= Adelphi, Texas =

Intentional community in Texas, US

The Adelphi Community is an intentional community, population 16, 25 miles east of Dallas, Texas, United States. It has streets, private homes, eight townhouses, a community well, community gardens and a sewage treatment plant.

==History==
The community was built by members of the Adelphi Organization, founded by Richard Kieninger in 1976. During the 1950s, Kieninger had been a student of the Lemurian Fellowship in Ramona, California, which teaches Lemurian Philosophy. In 1963, Kieninger published his own book, The Ultimate Frontier, under the pen name Eklal Kueshana.

===Community philosophies===
The Ultimate Frontier details tenets of Lemurian Philosophy, which stresses love and positive living. Early editions also included predictions Kieninger claimed were provided by representatives of secret organizations known as Brotherhoods. Kieninger wrote that nuclear war would begin in November 1999, culminating in worldwide devastation, and that natural cataclysms would begin on May 5, 2000, submerging most of the United States and producing a new land mass in the Pacific Ocean. There, the Nation of God would be built. When neither event occurred, he said he had misunderstood the Brotherhoods' predictions. The 2000 edition, published by the Adelphi Organization, continues to include general predictions of Armageddon and Doomsday, but without dates.

Kieninger lived at Adelphi until his death, of esophageal cancer, in early 2002. He never explained the failure of his predictions.

==Community purpose==
The Adelphi Organization's website says:

"...The Adelphi Organization was founded...to help create the climate and institutional patterns to be used initially in the Nation of God, by sponsoring the development of the community of Adelphi, Texas. The membership has accepted the responsibility for being a precursor city to the Nation of God and educating future generations in the Lemurian Philosophy. It is our job to survive the cataclysm (Armageddon and Doomsday, ed.) by means of technology and positive karma and quickly rebuild and establish a highly cultured Lemurian civilization."

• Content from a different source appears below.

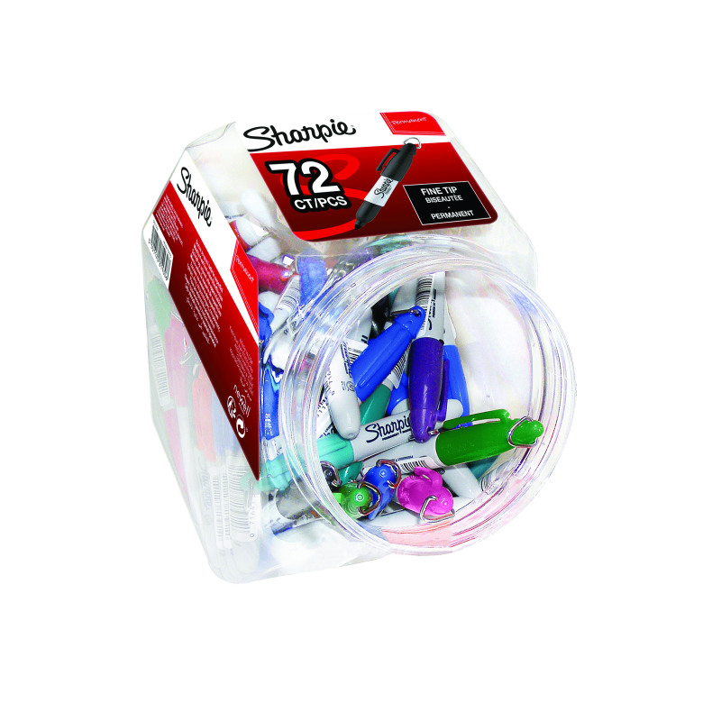 Sharpie Mini Permanent Markers with Key Ring Pocket-Sized Fine Point Assorted (Pack of 72) S0811300

Residence is limited to members of The Adelphi Organization, which also manages community affairs.

==Sister communities==
The Adelphi Community has a sister community in Stelle, Illinois, which was founded in 1973, also based on Kieninger's writings. Residence there has been open to anyone since 1983 and the community disavowed Kieninger in 1985. The population of the Stelle Community is 101.